(What to work on): What is needed is an exact reproduction of the lines in the records below, starting at the line with "วันที่ 16 พฤษภาคม" and ending at the line with "Vintage 90s Y2K", both included, and nothing else; pictures stay out.

(Data for analysis):
________

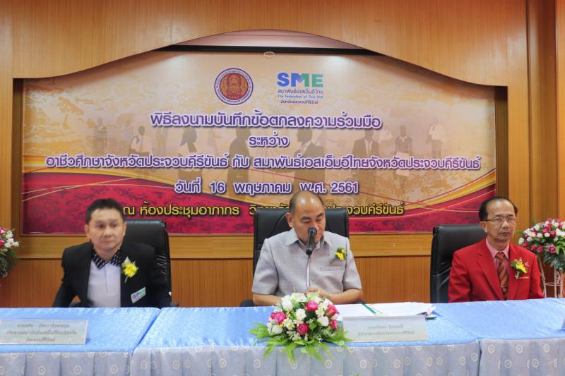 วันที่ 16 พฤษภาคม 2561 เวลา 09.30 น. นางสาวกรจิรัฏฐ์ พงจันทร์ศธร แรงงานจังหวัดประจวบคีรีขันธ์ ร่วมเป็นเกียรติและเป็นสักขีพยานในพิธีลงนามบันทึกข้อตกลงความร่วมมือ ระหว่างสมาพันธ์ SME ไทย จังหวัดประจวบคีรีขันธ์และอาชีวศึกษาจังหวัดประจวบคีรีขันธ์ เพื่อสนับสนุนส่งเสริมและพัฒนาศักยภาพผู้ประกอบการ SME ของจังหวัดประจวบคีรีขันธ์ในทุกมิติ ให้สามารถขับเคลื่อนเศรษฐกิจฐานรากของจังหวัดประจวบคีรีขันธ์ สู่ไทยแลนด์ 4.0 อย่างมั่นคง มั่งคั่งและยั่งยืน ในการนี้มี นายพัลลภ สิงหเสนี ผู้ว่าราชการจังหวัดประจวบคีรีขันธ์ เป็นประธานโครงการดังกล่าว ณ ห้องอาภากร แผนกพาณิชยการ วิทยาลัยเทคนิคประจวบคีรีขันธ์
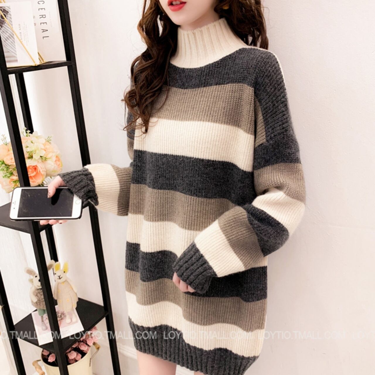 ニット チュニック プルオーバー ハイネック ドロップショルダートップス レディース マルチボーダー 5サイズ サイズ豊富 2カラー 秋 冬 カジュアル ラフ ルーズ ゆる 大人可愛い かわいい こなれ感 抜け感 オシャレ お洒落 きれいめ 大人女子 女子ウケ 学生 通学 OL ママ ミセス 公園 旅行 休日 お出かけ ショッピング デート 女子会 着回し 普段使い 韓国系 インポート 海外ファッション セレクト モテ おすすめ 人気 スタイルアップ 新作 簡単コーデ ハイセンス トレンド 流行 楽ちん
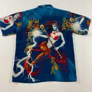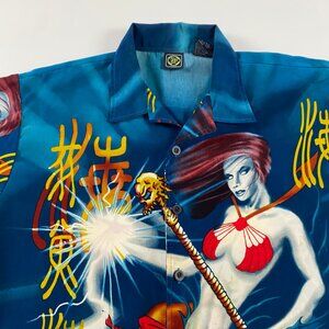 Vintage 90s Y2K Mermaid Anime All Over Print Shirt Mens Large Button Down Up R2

________

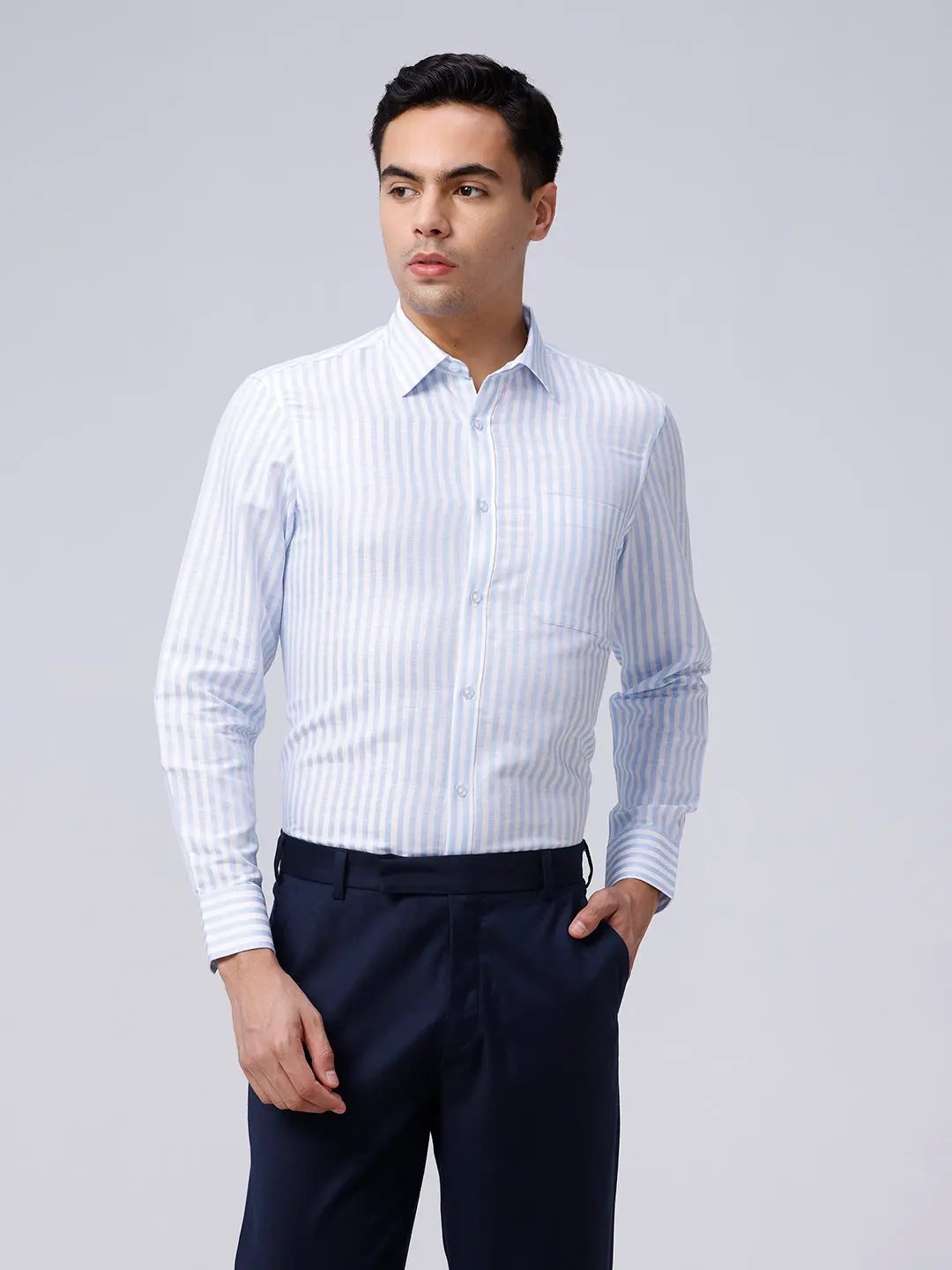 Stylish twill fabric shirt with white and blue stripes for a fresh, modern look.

________

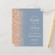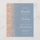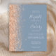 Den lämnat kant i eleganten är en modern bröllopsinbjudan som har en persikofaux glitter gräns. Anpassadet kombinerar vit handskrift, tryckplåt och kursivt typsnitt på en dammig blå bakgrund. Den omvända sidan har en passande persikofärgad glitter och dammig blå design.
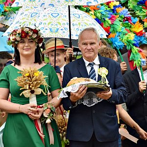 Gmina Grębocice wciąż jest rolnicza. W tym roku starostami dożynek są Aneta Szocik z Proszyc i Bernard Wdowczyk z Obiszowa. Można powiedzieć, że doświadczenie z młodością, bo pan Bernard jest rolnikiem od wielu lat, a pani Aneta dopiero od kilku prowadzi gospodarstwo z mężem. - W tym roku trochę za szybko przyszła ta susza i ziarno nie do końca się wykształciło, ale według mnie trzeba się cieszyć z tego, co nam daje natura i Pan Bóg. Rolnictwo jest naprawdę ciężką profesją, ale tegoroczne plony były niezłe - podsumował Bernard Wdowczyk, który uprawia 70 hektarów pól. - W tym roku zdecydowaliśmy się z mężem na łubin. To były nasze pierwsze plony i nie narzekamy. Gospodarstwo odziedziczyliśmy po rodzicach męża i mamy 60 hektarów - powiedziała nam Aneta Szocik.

________

(Answer area):
 วันที่ 16 พฤษภาคม 2561 เวลา 09.30 น. นางสาวกรจิรัฏฐ์ พงจันทร์ศธร แรงงานจังหวัดประจวบคีรีขันธ์ ร่วมเป็นเกียรติและเป็นสักขีพยานในพิธีลงนามบันทึกข้อตกลงความร่วมมือ ระหว่างสมาพันธ์ SME ไทย จังหวัดประจวบคีรีขันธ์และอาชีวศึกษาจังหวัดประจวบคีรีขันธ์ เพื่อสนับสนุนส่งเสริมและพัฒนาศักยภาพผู้ประกอบการ SME ของจังหวัดประจวบคีรีขันธ์ในทุกมิติ ให้สามารถขับเคลื่อนเศรษฐกิจฐานรากของจังหวัดประจวบคีรีขันธ์ สู่ไทยแลนด์ 4.0 อย่างมั่นคง มั่งคั่งและยั่งยืน ในการนี้มี นายพัลลภ สิงหเสนี ผู้ว่าราชการจังหวัดประจวบคีรีขันธ์ เป็นประธานโครงการดังกล่าว ณ ห้องอาภากร แผนกพาณิชยการ วิทยาลัยเทคนิคประจวบคีรีขันธ์
 ニット チュニック プルオーバー ハイネック ドロップショルダートップス レディース マルチボーダー 5サイズ サイズ豊富 2カラー 秋 冬 カジュアル ラフ ルーズ ゆる 大人可愛い かわいい こなれ感 抜け感 オシャレ お洒落 きれいめ 大人女子 女子ウケ 学生 通学 OL ママ ミセス 公園 旅行 休日 お出かけ ショッピング デート 女子会 着回し 普段使い 韓国系 インポート 海外ファッション セレクト モテ おすすめ 人気 スタイルアップ 新作 簡単コーデ ハイセンス トレンド 流行 楽ちん
 Vintage 90s Y2K Mermaid Anime All Over Print Shirt Mens Large Button Down Up R2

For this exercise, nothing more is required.